The whole listing is to be restated word for word with no images.

DATA SUPPLIED.
§ §

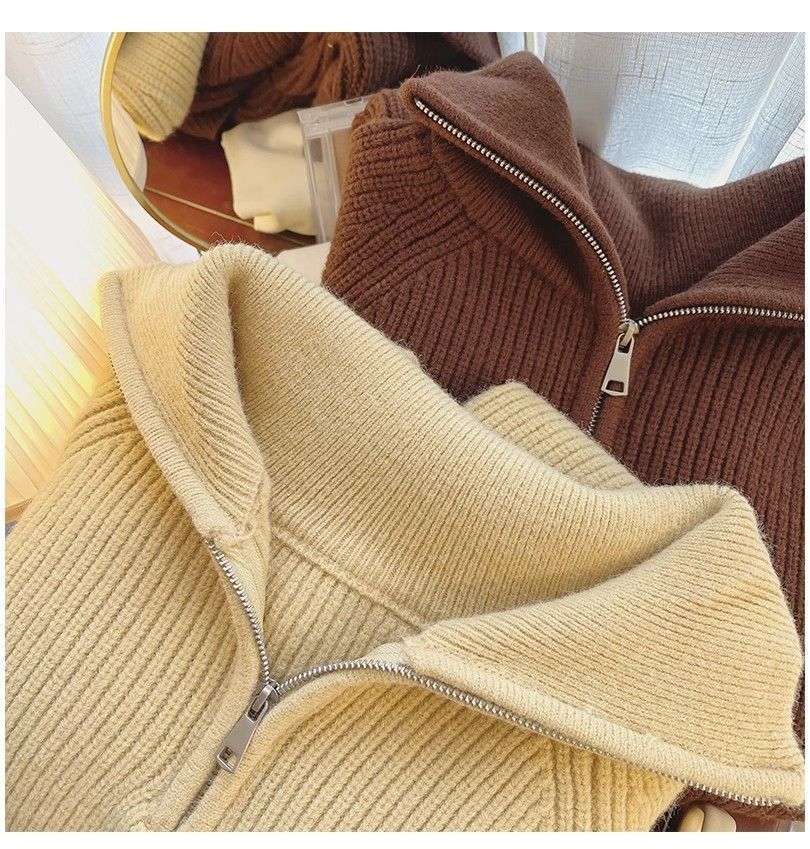 Women’s Loose Slim Lapel Sweater Top – Casual & Cozy - Beige / 2XL
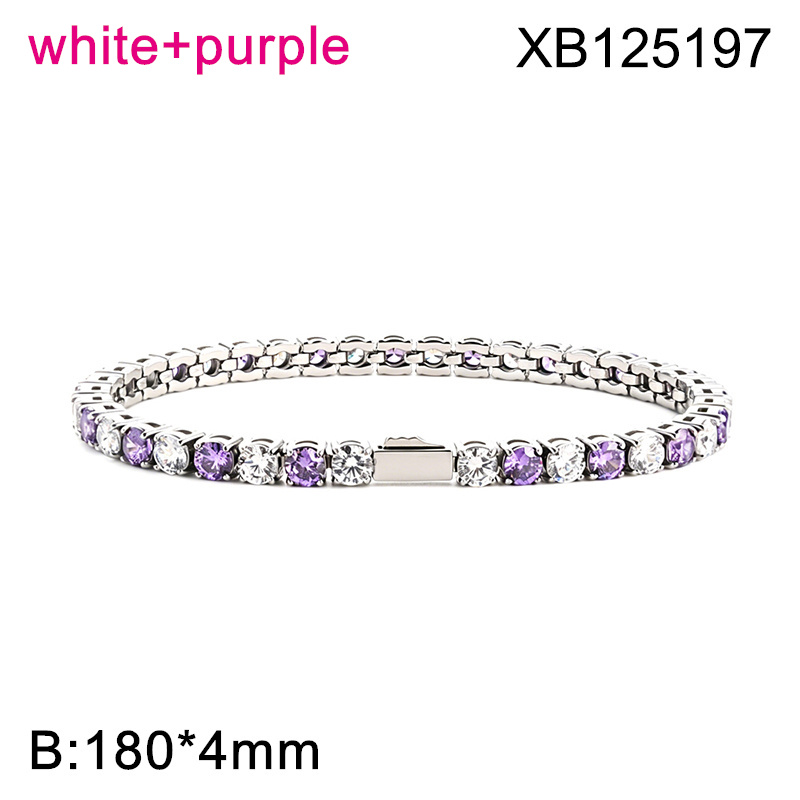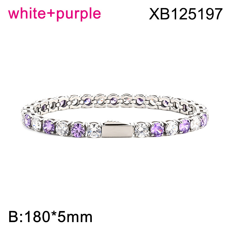 Level B Hot Sale Women Jewelry Steel color White+Purple Round 316 Stainless Steel Cubic Zirconia Tennis Bracelet
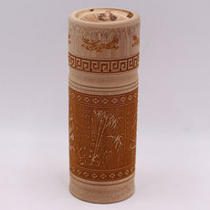 竹制有盖茶叶水杯 竹木工艺品 碳化竹雕刻茶经高杯 旅游礼品包邮
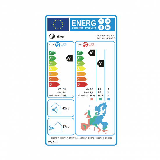 Το Κλιματιστικό Τοίχου – Air Condition MIDEA Xtreme AG2Line-24NXD0-I έχει ισχύ 24000 BTU και είναι κατάλληλο για χώρους από 50m² έως 55m².
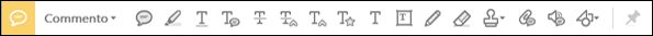 È possibile inserire commenti nei file PDF utilizzando gli strumenti di annotazione e marcatura grafica. Tutti gli strumenti di annotazione marcatura grafica si trovano nella barra degli strumenti secondari della funzione Commento. Quando si riceve un PDF per una revisione, è possibile inserire delle note utilizzando gli strumenti per commenti e marcatura.
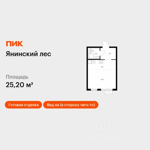 Продаётся квартира-студия площадью 22,1 кв.м на 4 этаже 15 этажного дома (Корпус 1, Секция 1) проекта ПИК Янинский лес. Светлый просторный подъезд на уровне земли, функциональная планировка, большие окна, c отделкой. Жилой квартал "Янинский лес" возводится в районе Янино-1 Ленинградской области. Автобусная остановка находится в 3 минутах пешком. Проект расположен вплотную к восточной границе Санкт-Петербурга - в 4 минутах от КАД. До метро "Ладожская" - 23 минуты на общественном транспорте. До исторического центра города можно доехать за 25 минут на автомобиле. "Янинский лес" - масштабный проект из 32 жилых корпусов, где будет всё для комфортной жизни. Здесь предусмотрены надземные паркинги, откроются детские сады, школа и поликлиника. Кроме этого, появятся места, в которых можно проводить свободное время: ледовая арена и торговый центр площадью больше 3000 м². Жилой район строится по всем правилам ПИК-Стандарта: в зелёных дворах-парках появятся современные детские и спортивные площадки, пешеходный бульвар и другие места для отдыха. На первых этажах разместятся магазины, кафе и другие сервисы. Во дворах не будет автомобилей, а для гостей предусмотрены парковочные места. Проект окружают лесные массивы. В пешей доступности находится Ржевский лесопарк: летом там можно гулять и собирать грибы, а зимой кататься на лыжах. Также рядом расположен памятник природы Колтушские высоты - парк с обустроенными экотропами и веломаршрутом. А главное место притяжения местных жителей - озеро с обустроенным местом для пикников. Артикул 1048642 (Застройщик ООО "СПЕЦИАЛИЗИРОВАННЫЙ ЗАСТРОЙЩИК"ЭКСТРАГРАД") [cn_sbp_1841759]
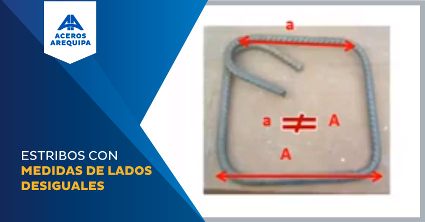 2.  Usar estribos con lados desiguales, ya que esto ocasiona que el recubrimiento no sea uniforme, por lo que el encofrado no va a ser parejo. En consecuencia, la columna no trabajará de forma pareja y, el lado donde hay menor revestimiento de concreto va a ser más propenso a que el oxígeno ingrese, el estribo se oxide y las columnas se debiliten.
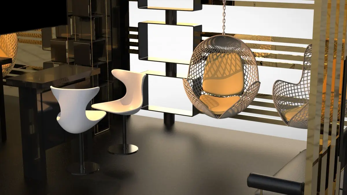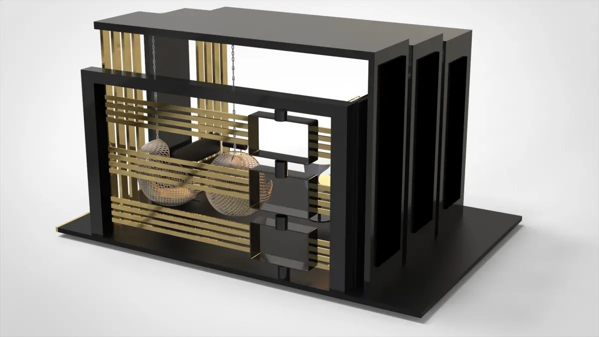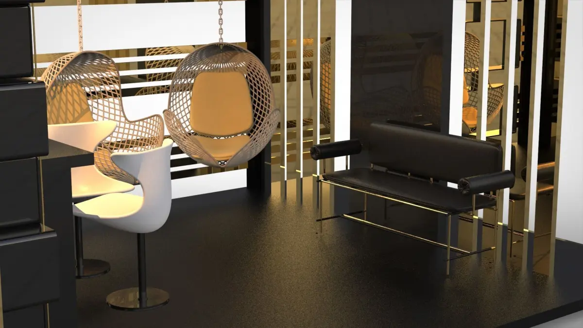 this an architectural design, for a stand/booth/exhibtion for a luxurious and bold brand or a company, it has all the elements the chair, screens, banners and everything ready. The design provides a wide space for people to interact, enter and sit, also it has the standing table for workers. it could be used and adjusted in different materials and colors as prefrence. all models could be used seperatly the chairs, tables, lights and screen.

§ §

ANSWER TO THE PROBLEM.
 Women’s Loose Slim Lapel Sweater Top – Casual & Cozy - Beige / 2XL
 Level B Hot Sale Women Jewelry Steel color White+Purple Round 316 Stainless Steel Cubic Zirconia Tennis Bracelet
 竹制有盖茶叶水杯 竹木工艺品 碳化竹雕刻茶经高杯 旅游礼品包邮
 Το Κλιματιστικό Τοίχου – Air Condition MIDEA Xtreme AG2Line-24NXD0-I έχει ισχύ 24000 BTU και είναι κατάλληλο για χώρους από 50m² έως 55m².
 È possibile inserire commenti nei file PDF utilizzando gli strumenti di annotazione e marcatura grafica. Tutti gli strumenti di annotazione marcatura grafica si trovano nella barra degli strumenti secondari della funzione Commento. Quando si riceve un PDF per una revisione, è possibile inserire delle note utilizzando gli strumenti per commenti e marcatura.
 Продаётся квартира-студия площадью 22,1 кв.м на 4 этаже 15 этажного дома (Корпус 1, Секция 1) проекта ПИК Янинский лес. Светлый просторный подъезд на уровне земли, функциональная планировка, большие окна, c отделкой. Жилой квартал "Янинский лес" возводится в районе Янино-1 Ленинградской области. Автобусная остановка находится в 3 минутах пешком. Проект расположен вплотную к восточной границе Санкт-Петербурга - в 4 минутах от КАД. До метро "Ладожская" - 23 минуты на общественном транспорте. До исторического центра города можно доехать за 25 минут на автомобиле. "Янинский лес" - масштабный проект из 32 жилых корпусов, где будет всё для комфортной жизни. Здесь предусмотрены надземные паркинги, откроются детские сады, школа и поликлиника. Кроме этого, появятся места, в которых можно проводить свободное время: ледовая арена и торговый центр площадью больше 3000 м². Жилой район строится по всем правилам ПИК-Стандарта: в зелёных дворах-парках появятся современные детские и спортивные площадки, пешеходный бульвар и другие места для отдыха. На первых этажах разместятся магазины, кафе и другие сервисы. Во дворах не будет автомобилей, а для гостей предусмотрены парковочные места. Проект окружают лесные массивы. В пешей доступности находится Ржевский лесопарк: летом там можно гулять и собирать грибы, а зимой кататься на лыжах. Также рядом расположен памятник природы Колтушские высоты - парк с обустроенными экотропами и веломаршрутом. А главное место притяжения местных жителей - озеро с обустроенным местом для пикников. Артикул 1048642 (Застройщик ООО "СПЕЦИАЛИЗИРОВАННЫЙ ЗАСТРОЙЩИК"ЭКСТРАГРАД") [cn_sbp_1841759]
 2.  Usar estribos con lados desiguales, ya que esto ocasiona que el recubrimiento no sea uniforme, por lo que el encofrado no va a ser parejo. En consecuencia, la columna no trabajará de forma pareja y, el lado donde hay menor revestimiento de concreto va a ser más propenso a que el oxígeno ingrese, el estribo se oxide y las columnas se debiliten.
 this an architectural design, for a stand/booth/exhibtion for a luxurious and bold brand or a company, it has all the elements the chair, screens, banners and everything ready. The design provides a wide space for people to interact, enter and sit, also it has the standing table for workers. it could be used and adjusted in different materials and colors as prefrence. all models could be used seperatly the chairs, tables, lights and screen.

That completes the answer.